In addition to HMM and NLMIXED procedures, GLIMMIX can also be employed to estimate the GP regression, as shown below. In this case, we need to specify both the log likelihood function and the variance function in terms of the expected mean.

proc glimmix data = mylib.credit_count; model majordrg = age acadmos minordrg ownrent / link = log solution; _xi = 1 - 1 / exp(_phi_); _variance_ = _mu_ / (1 - _xi) ** 2; _alpha = _mu_ * (1 - _xi); _prob = _alpha / fact(majordrg) * (_alpha + _xi * majordrg) ** (majordrg - 1) * exp(- _alpha - _xi * majordrg); _logl_ = log(_prob); run;

## Estimate Regression with (Type-I) Pareto Response

The Type-I Pareto distribution has a probability function shown as below

f(y; a, k) = k * (a ^ k) / (y ^ (k + 1))

In the formulation, the scale parameter **0 < a < y** and the shape parameter **k > 1 **.

The positive lower bound of Type-I Pareto distribution is particularly appealing in modeling the severity measure in that there is usually a reporting threshold for operational loss events. For instance, the reporting threshold of ABA operational risk consortium data is $10,000 and any loss event below the threshold value would be not reported, which might add the complexity in the severity model estimation.

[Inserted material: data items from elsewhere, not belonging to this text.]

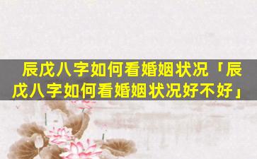 辰戊八 🦋 字看婚姻状况的 🐒 方 🦄 法
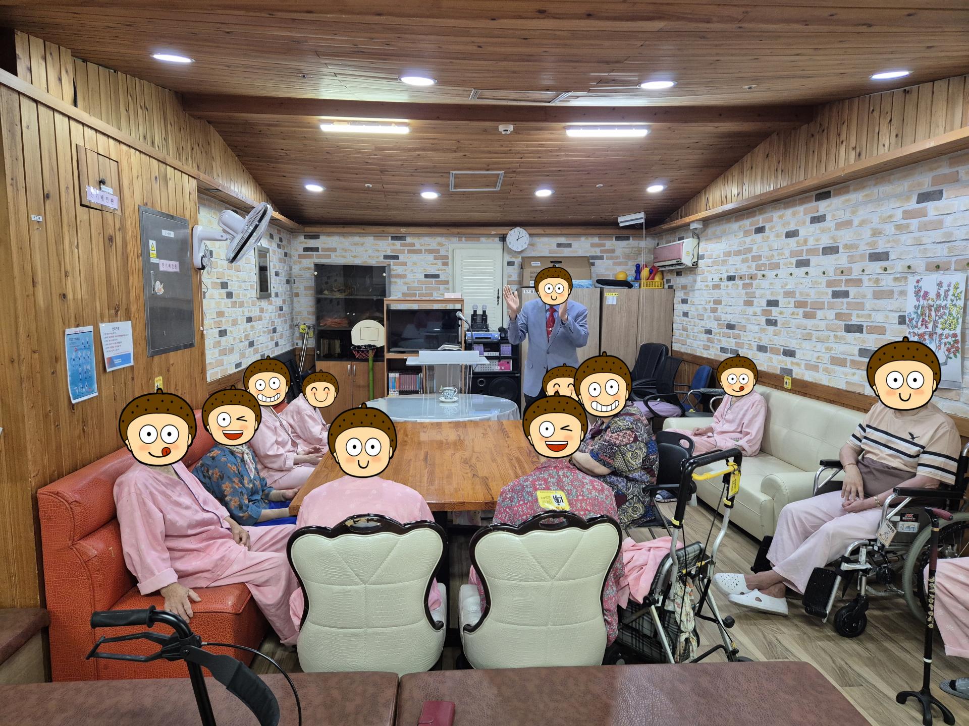 이번에 목사님을 모시고 어르신과 함께 예배 활동을 진행하였습니다! 어르신들이 즐거워하시며 예배 활동에 적극적으로 참여하셨습니다!
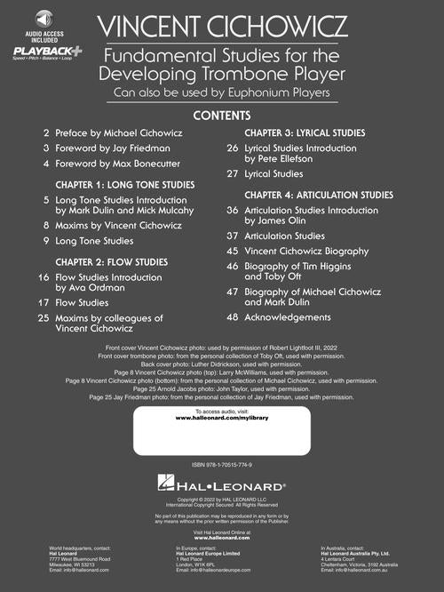 Vincent Cichowicz - Fundamental Studies for the Developing Trombone PlayerCan Also Be Used with Euphonium PlayersPublisher: Hal LeonardCategory: Solo InstrumentalSeries: InstructionalFormat: Softcover Audio OnlineVincent Cichowicz (1927-2006) was a member of the Chicago Symphony Orchestra from 1952-1974...Regular price $17.99 -
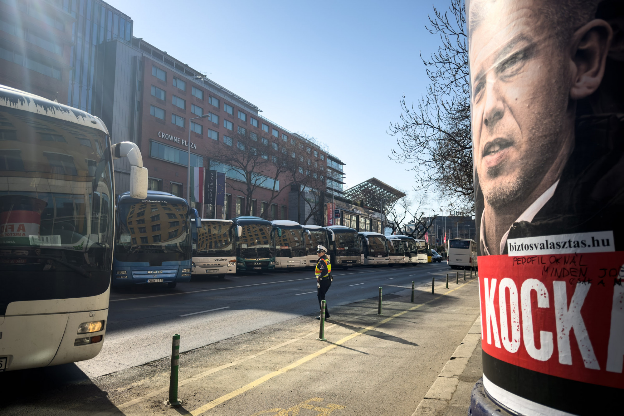 A Császár-Komjádi Uszoda elé folyamatosan érkeznek a buszok, kollégánk szerint az érkezőknek át kell menniük az uszoda előtti téren, ott felszerelik őket ingyen zászlóval és táblákkal, aztán mehetnek be a tömegbe.
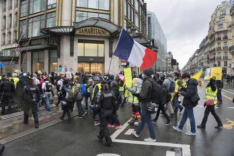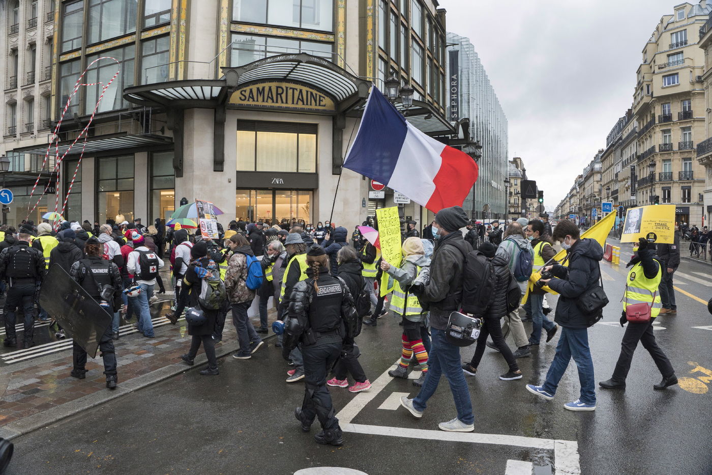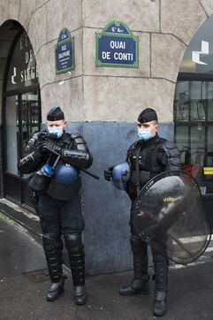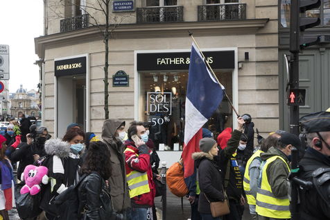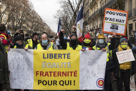 Thousands of demonstrators across France gathered for the United Freedom March to protest against Article 24 of the Global Security laws, which bans publication of images identifying French police officers. Journalists and rights organisations have criticised the new law. Heavy police presence at demonstration.
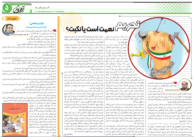 تحریمها اگر در مواردی برای کشور منفعت داشته، ولی زیانهای وارده از قِبل آن بیشمار است؛ تحریم ازیکطرف سفرهها را کوچکتر و مردم را فقیرتر و در مقابل عدهای را فربهتر کرده است و عدهای بهعنوان کاسب تحریم به ثروتهای بیشماری رسیده و میرسند و از بدبختی و گرسنگی مردم ثروتها اندوختهاند.
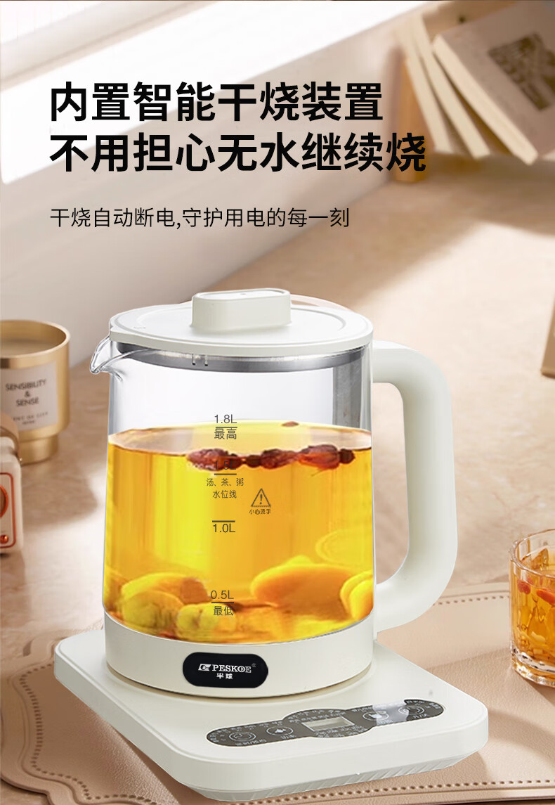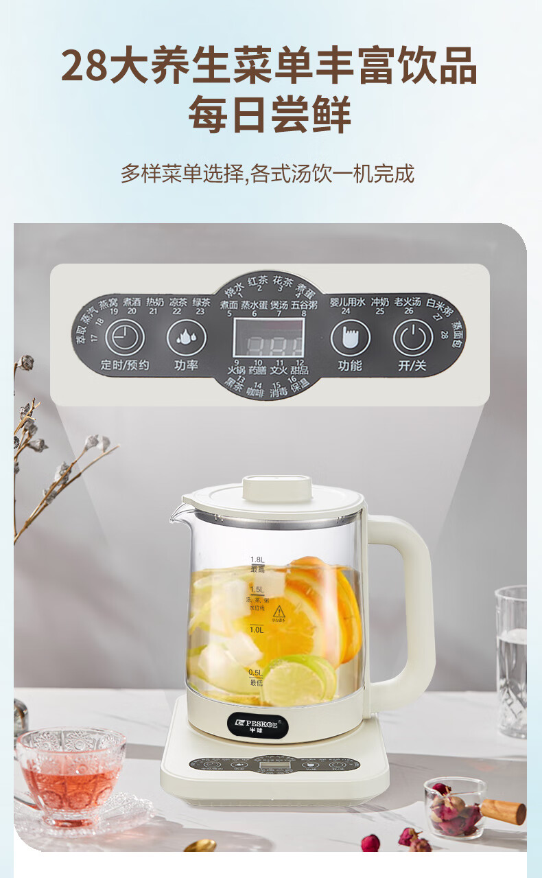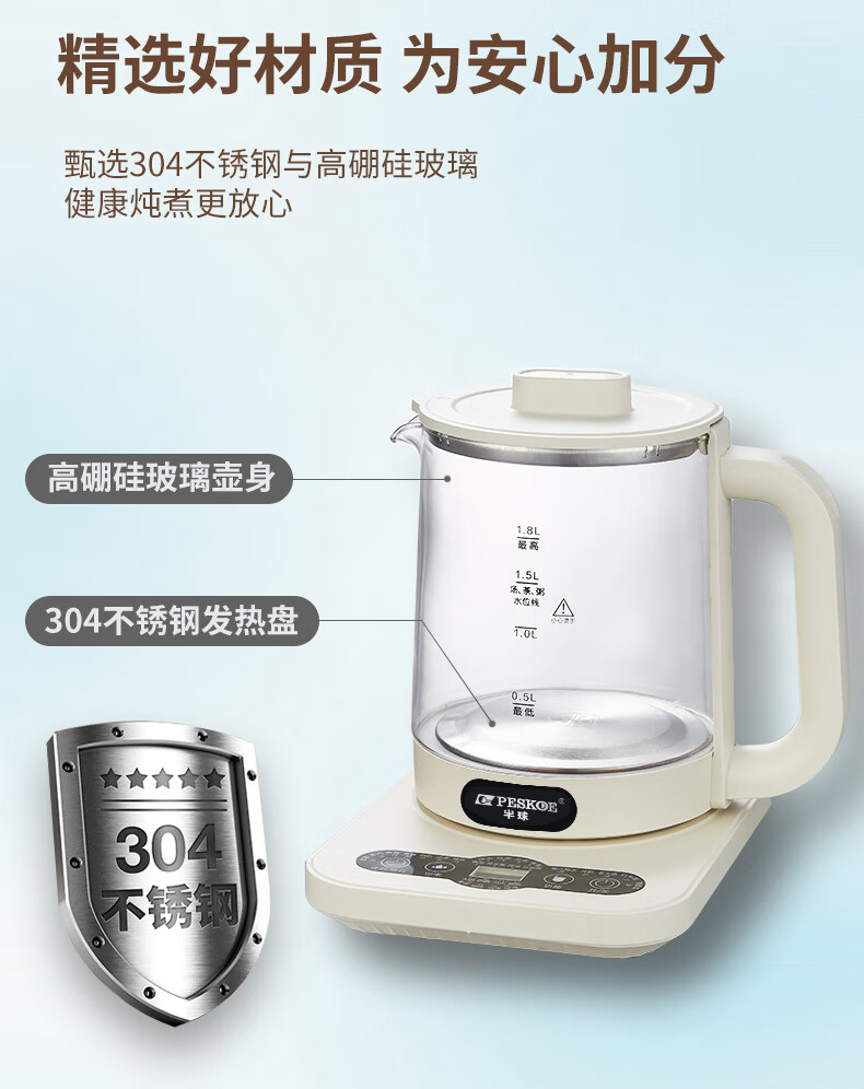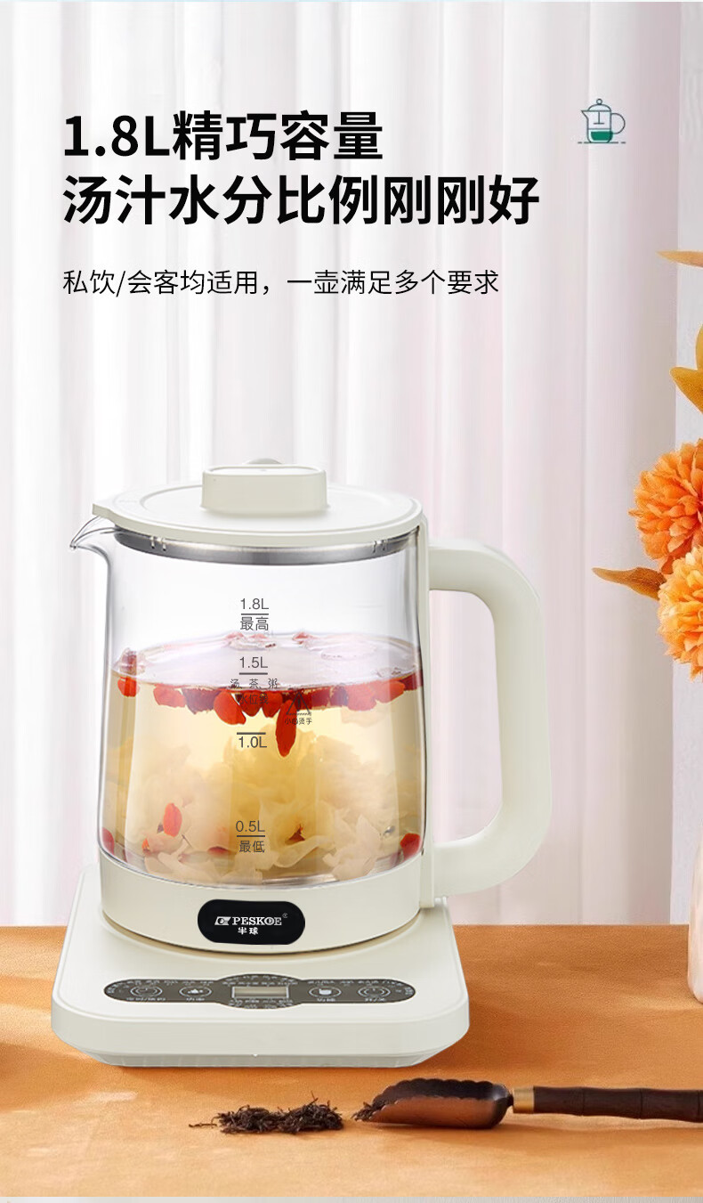 Hemisphere (PESKOE) health pot, tea boiler, multi-function kettle, intelligent constant temperature electric kettle, electric kettle for tea kettle, multi-stage thermal insulation mini glass flower teapot, high cost performance (304 heating plate + high borosilicate kettle body) 1.8L
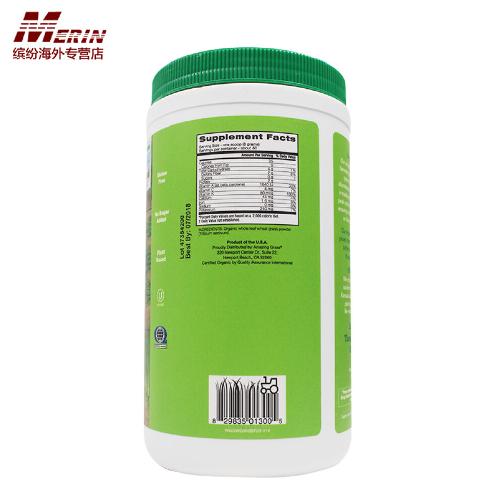 美国AmazingGrass小麦草粉酵素粉大麦若叶青汁排毒清肠通便秘消除小肚腩小麦草480g1瓶

In practice, instead of modeling the severity measure directly, we might model the shifted response ** y` = severity – threshold ** to accommodate the threshold value such that the supporting domain of y` could start from 0 and that the Gamma, Inverse Gaussian, or Lognormal regression can still be applicable. However, under the distributional assumption of Type-I Pareto with a known lower end, we do not need to shift the severity measure anymore but model it directly based on the probability function.

Below is the R code snippet showing how to estimate a regression model for the Pareto response with the lower bound ** a = 2 ** by using the **VGAM** package.

library(VGAM) set.seed(2017) n <- 200 a <- 2 x <- runif(n) k <- exp(1 + 5 * x) pdata <- data.frame(y = rpareto(n = n, scale = a, shape = k), x = x) fit <- vglm(y ~ x, paretoff(scale = a), data = pdata, trace = TRUE) summary(fit) # Coefficients: # Estimate Std. Error z value Pr(>|z|) # (Intercept) 1.0322 0.1363 7.574 3.61e-14 *** # x 4.9815 0.2463 20.229 < 2e-16 *** AIC(fit) # -644.458 BIC(fit) # -637.8614

The SAS code below estimating the Type-I Pareto regression provides almost identical model estimation.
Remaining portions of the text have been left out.